Annabel Hogg
Doctoral Student in Literature - Annabel's thesis is entitled: 'Girl Coded: Chick Lit, Magazine culture, and Gendered Cultural Communication'
Research Project Title:
Girl Coded: Chick Lit, Magazine culture, and Gendered Cultural Communication
Supervisors:
Dr Ros Haslett + Dr Kirsten MacLeod
Contact Details:
Email: a.j.hogg2@newcastle.ac.uk
Brief Outline of Research Project:
Chick lit is understood as a historically bounded phenomenon, closely tied to the postfeminist culture of the 1990s and early 2000s. Following a flurry of scholarly work (Ferris & Young 2006; Wells 2006; McRobbie 2007; Harzewski 2011), scholarship on chick lit – particularly on its most recognisable texts such as Bridget Jones’s Diary and Sex and the City – has largely declined in recent years, aside from a growing focus on non-Anglo-American forms (Kriegel 2026; Simran 2024; Rudin 2023). Earlier critical work broadly situated chick lit within the cultural logic of postfeminism, often reading it as both a product of and response to the perceived gains of second-wave feminism, while also engaging with emerging discourses of third-wave feminism, including the emphasis on individual choice and sexual agency.
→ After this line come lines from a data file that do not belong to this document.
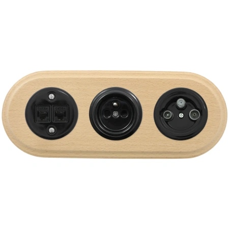 Gniazdo Ethernet Cat6 x2 + Gniazdo elektryczne + Gniazdo TV/SAT czarne z ramką potrójną jasne drewno, montaż podtynkowy, Ceramic Loft
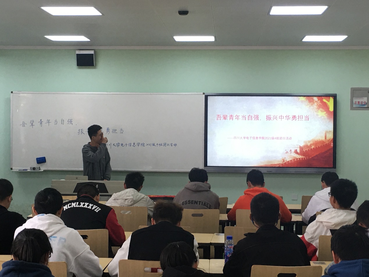 2021年10月29日下午3点30分,电子信息学院2021级4班在best365中国官方网站江安校区一教D座D304召开团日活动。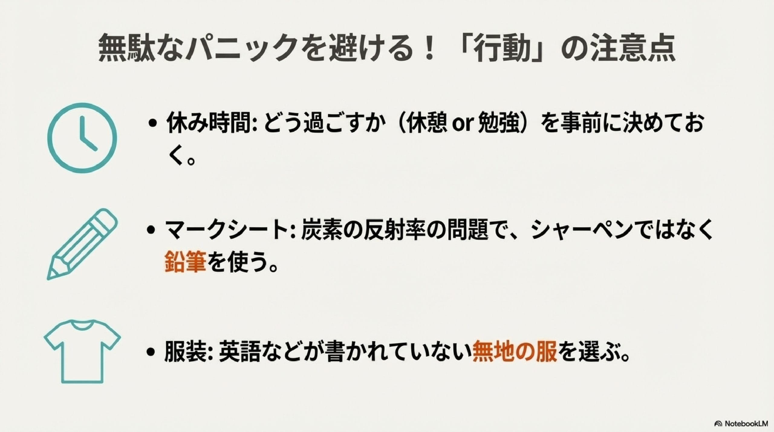 試験当日の注意点一覧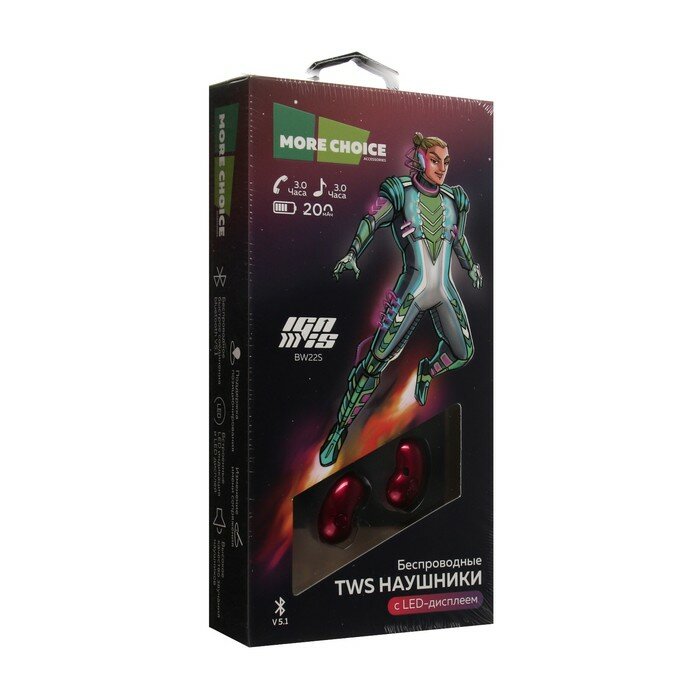 Vertux Bluetooth-наушники беспроводные Smart вакуумные c LED дисплеем More choice BW22S TWS Red наушники в Курчатов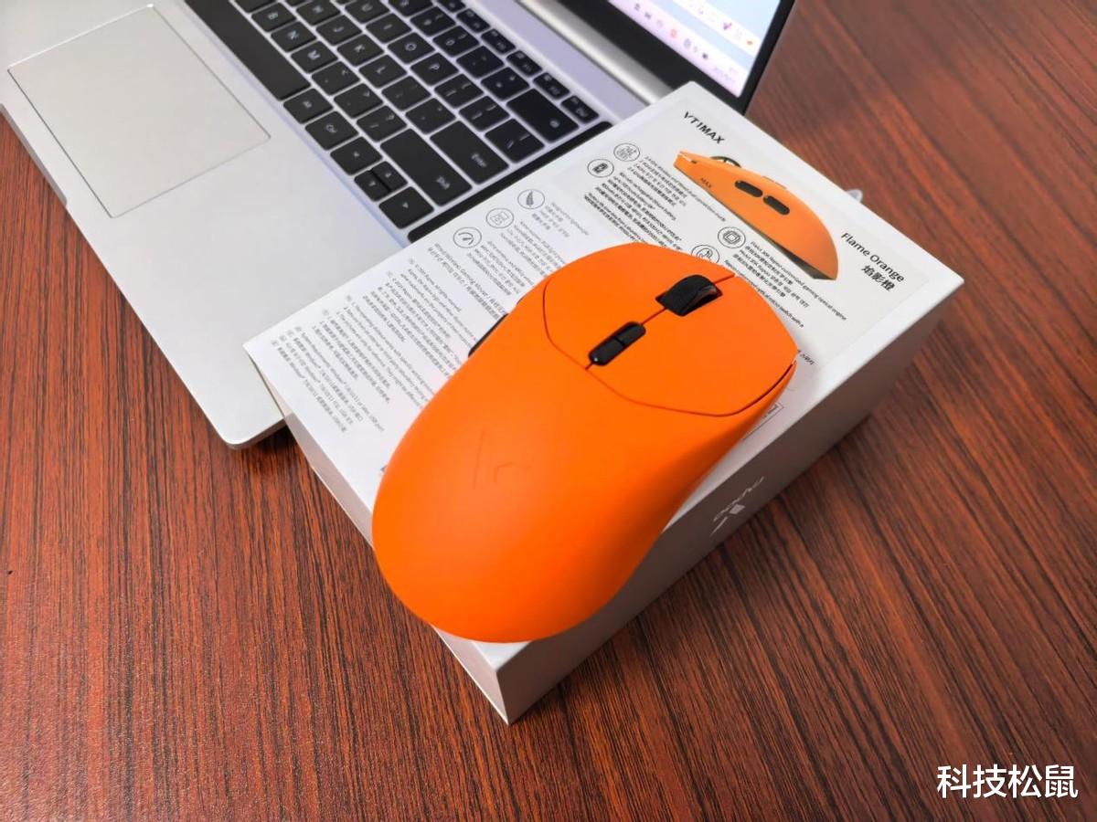 VT1二代系列采用中小手万金油的右手对称设计,并特推内扣抓握,拥有两种表面触感,亲肤防滑涂层【VT1MAX全系和VT1焰影橙】和类肤磨砂工艺【VT1星空黑,皎月白】,手感好到爆。VT1二代采用38mm低背,侧腰内凹提升抬鼠的稳定性,右侧手指引导弧线增强关节稳定性,采用窄屁股设计,指尖控制更灵活。实测含收纳仓盖重量为55g,比市面上大部分鼠标都轻,越用越喜欢。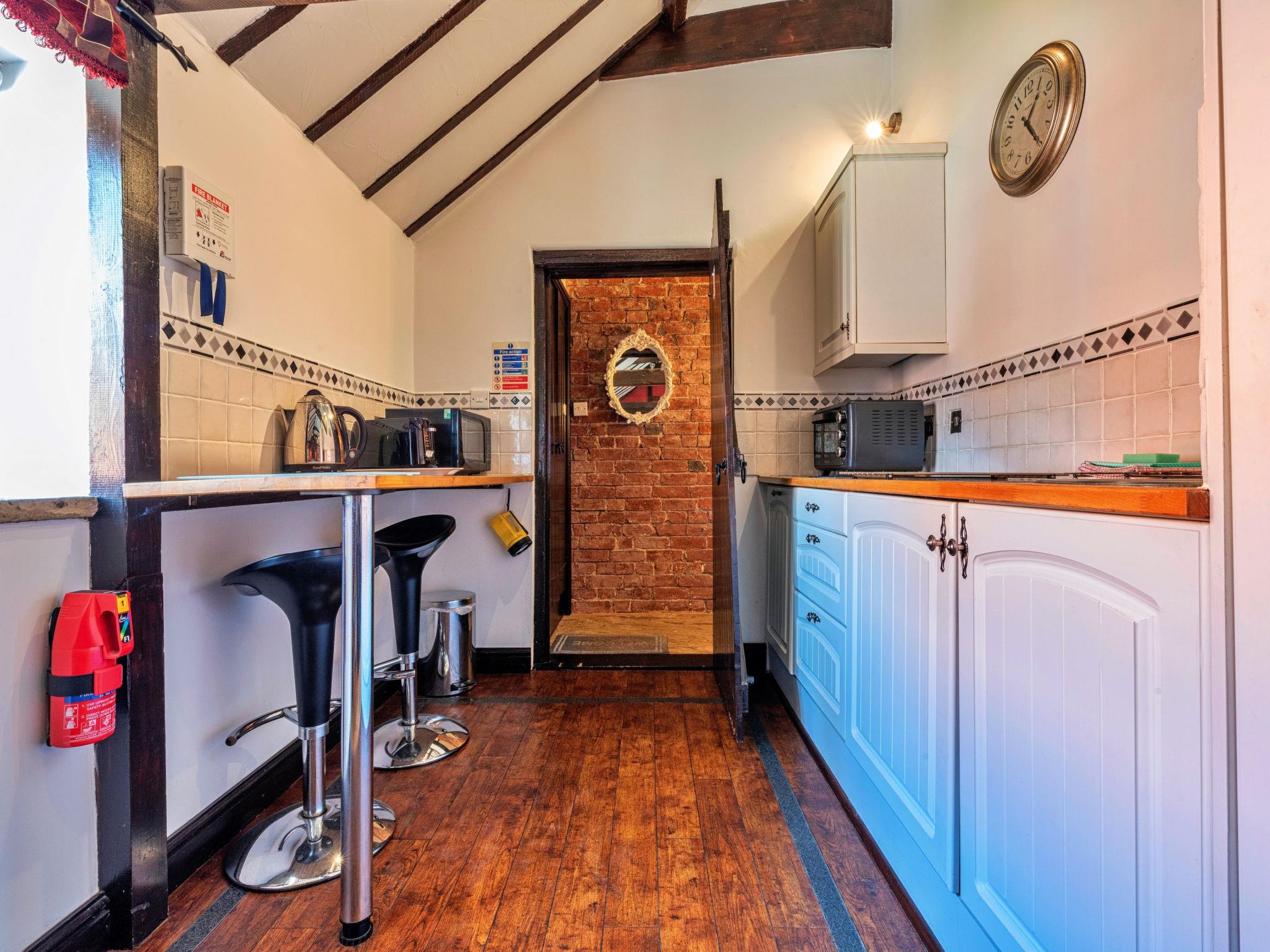 "The Hayloft at Greystones", 2-room apartment 45 m2 on 1st floor. Object suitable for 2 adults. Living room with TV. 1 room with 1 french bed. Kitchen (4 hot plates, oven, dishwasher, toaster, kettle, microwave). Bath/WC. Facilities: Internet (WiFi, free). Parking (roofed, 1 car). Please note: non-smokers only. Smoke alarm.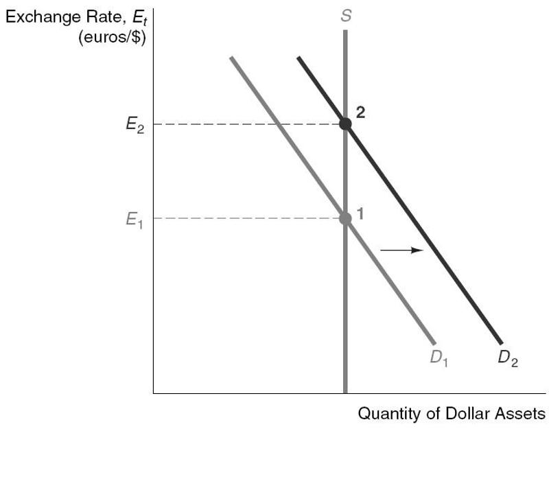 Explain and show graphically the effect of an increase in the expected future exchange rate on the equilibrium exchange rate, everything else held constant.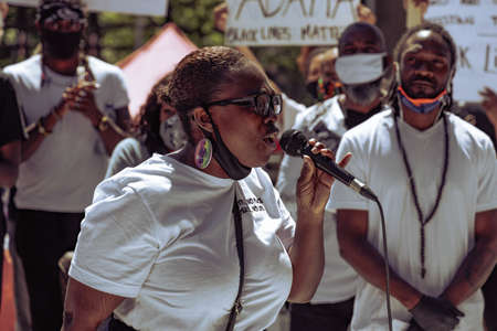 MONTRéAL, CANADA - Jun 07, 2020: Montreal black lives matter peaceful protest over the murder of George Floyd.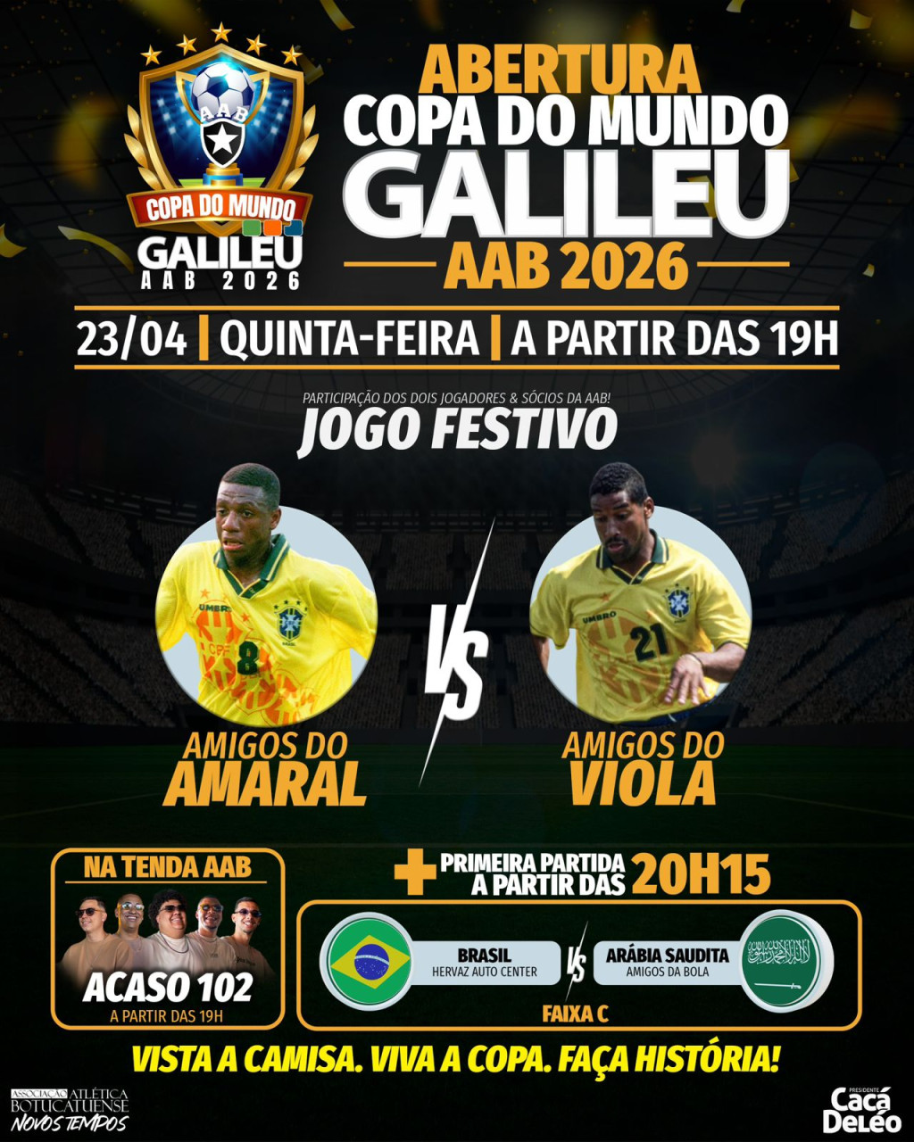 A Associação Atlética Botucatuense (AAB) realiza nesta quinta-feira, 23 de abril, a abertura oficial da Copa do Mundo Galileu AAB 2026. A programação começa às 18h, no campo suíço do clube, com atrações esportivas e musicais voltadas aos associados.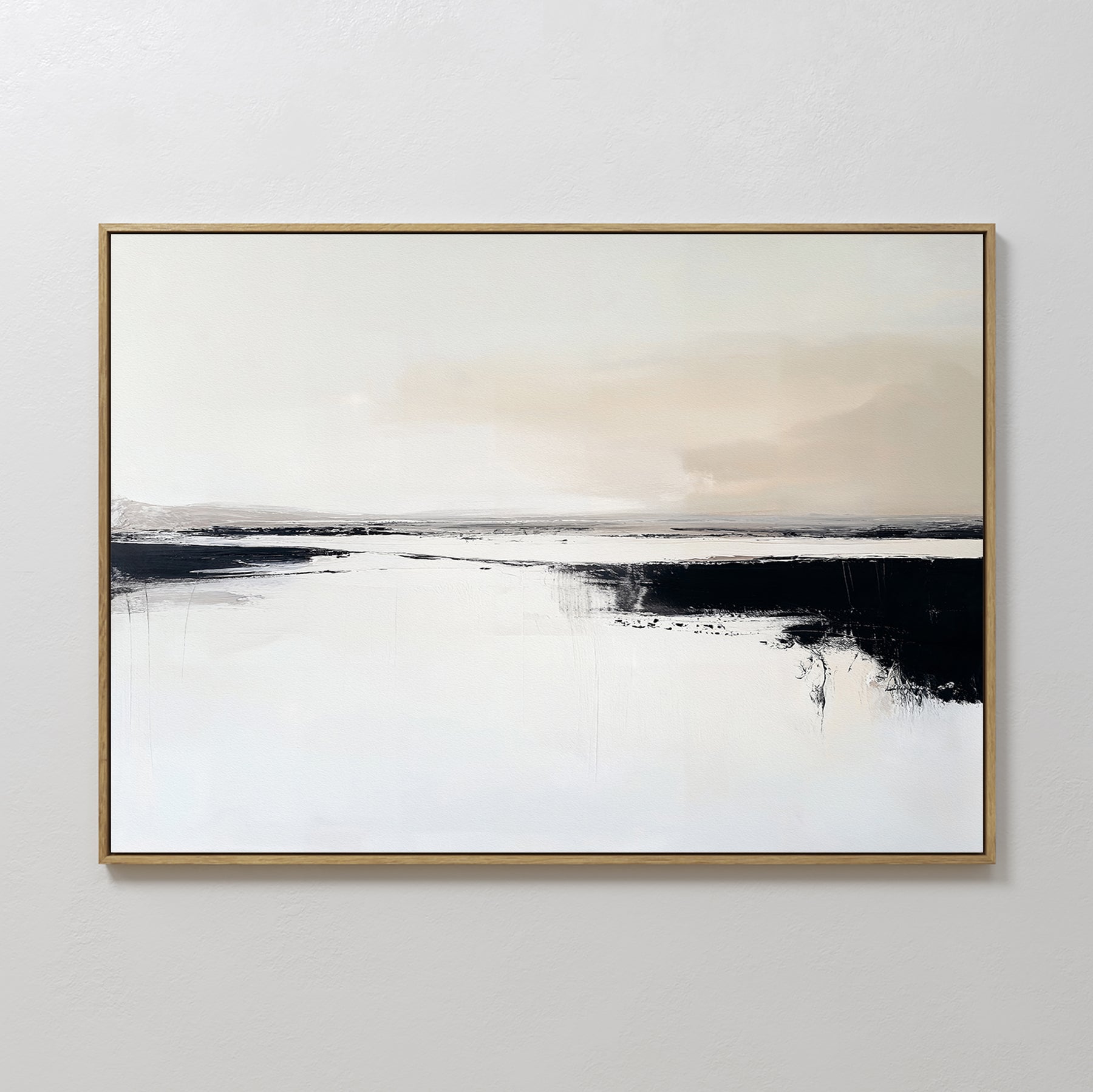 Binary Calm Abstract Canvas Art – Horizontal features a minimalist landscape with a pale sky, dark strokes, and a neutral palette of white, beige, and black. This modern wall art is presented in a simple frame for an elegant look.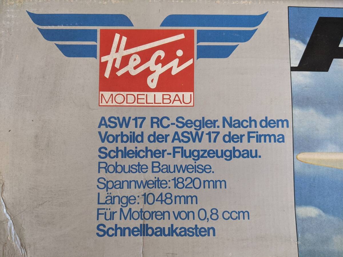 古い機体ですが、バルサ等の木材の劣化はみられません。内容確認と撮影のために中身は一度箱の外に出しましたが、ざっと見た限りパーツは全部あるようです。西ドイツ製と書いてあるので、1990年以前のものだとは思います。HEGI-MODELLBAUについては、知人によれば1970年代に流行った模型屋さんとのことです。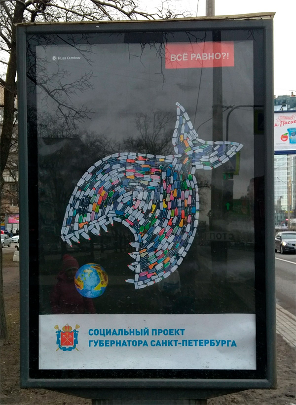 Давайте выясним, дети, что художник хотел сказать этой картиной? Что наш земной шарик поглотят стеклянные бутылки? Так они вроде как идут на переплавку. Что наш земной шарик поглотят пластиковые бутылки? Так их вроде сейчас тоже стали принимать на переработку. Что от нас вообще хочет губернатор Санкт-Петербурга, кто может понять?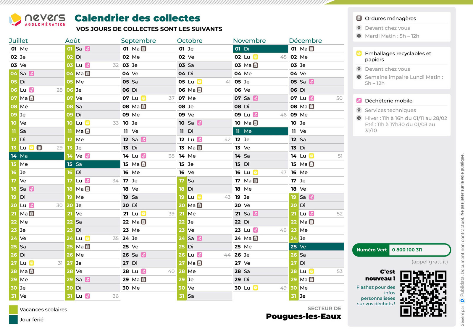 Calendrier des collectes Pougues-les-Eaux 2026

This body of scholarship frequently debated whether chick lit should be understood as complicit in reinforcing postfeminist and neoliberal ideals or as offering a space for negotiating and reworking them. Notably, however, chick lit has received comparatively little sustained attention during the rise of fourth-wave feminism and the #MeToo era.